In the wake of a spate of highly publicized cases of animal cruelty, Baltimore has created a task force to curb such crimes.

Mayor Sheila Dixon announced Tuesday the creation of the Anti-Animal Abuse Task Force, a group including representatives from city offices, the police, the state's attorney's office, animal welfare organizations and city residents.

Over a year, the task force will assess the effectiveness of Baltimore's cruelty laws and brainstorm ways to raise awareness of animal abuse. It will also consider ways city agencies and animal advocates can better coordinate their efforts.

The task force will issue recommendations to the mayor.

"The protection and safety of animals in this city is an important concern," Dixon said. "It's imperative we treat this issue with the upmost importance."

The first meeting will be at 6 p.m.
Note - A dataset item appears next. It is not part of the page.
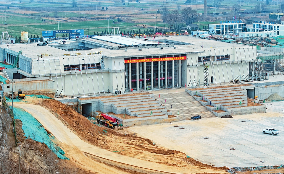 3月13日,在临汾市陶寺遗址博物馆项目建设工地,工人们正加紧施工。据悉,该博物馆占地面积74.4亩,总投资2.75亿元,建成后将通过数字复原、现代化展陈与实物展示等多种手段展示陶寺文化和帝尧文化。(李现俊)

July 15 at City Hall - though it won't be open to the public. Task force chairwoman Caroline Griffin, an attorney who's on the board of Baltimore's Humane Society, said the public will, however, be welcome at some future meetings.

In May, someone doused a pit bull puppy with gasoline and set it on fire in Southwest Baltimore. The dog, who came to be known as Phoenix, was soon euthanized because of the extensive injuries and people raised more than $26,000 to find out who did it. Teenage twins were eventually charged as juveniles in the case.

In June, two cats were found within two weeks in the same Northwest Baltimore neighborhood, burned, beaten and tied to a school fence. No one has been arrested.

Christine Muldowney, a social worker from Lauraville, is one of two citizens joining the effort. As she's been all over town for her job, she says she's seen for years the grim evidence of abused dogs and cats.

"I've seen the bodies," she said, adding that she hopes this will be a way to pull something positive from the death of Phoenix.

Dixon said the public should call 311 if they see suspected animal abuse.

"We just keep receiving case after case. and not a lot is getting done," says Jennifer Mead-Brause, executive director of Baltimore Animal Rescue and Care Shelter Inc., where Phoenix was first treated.

One thing Mead-Brause plans to start immediately is tracking abuse cases in the city.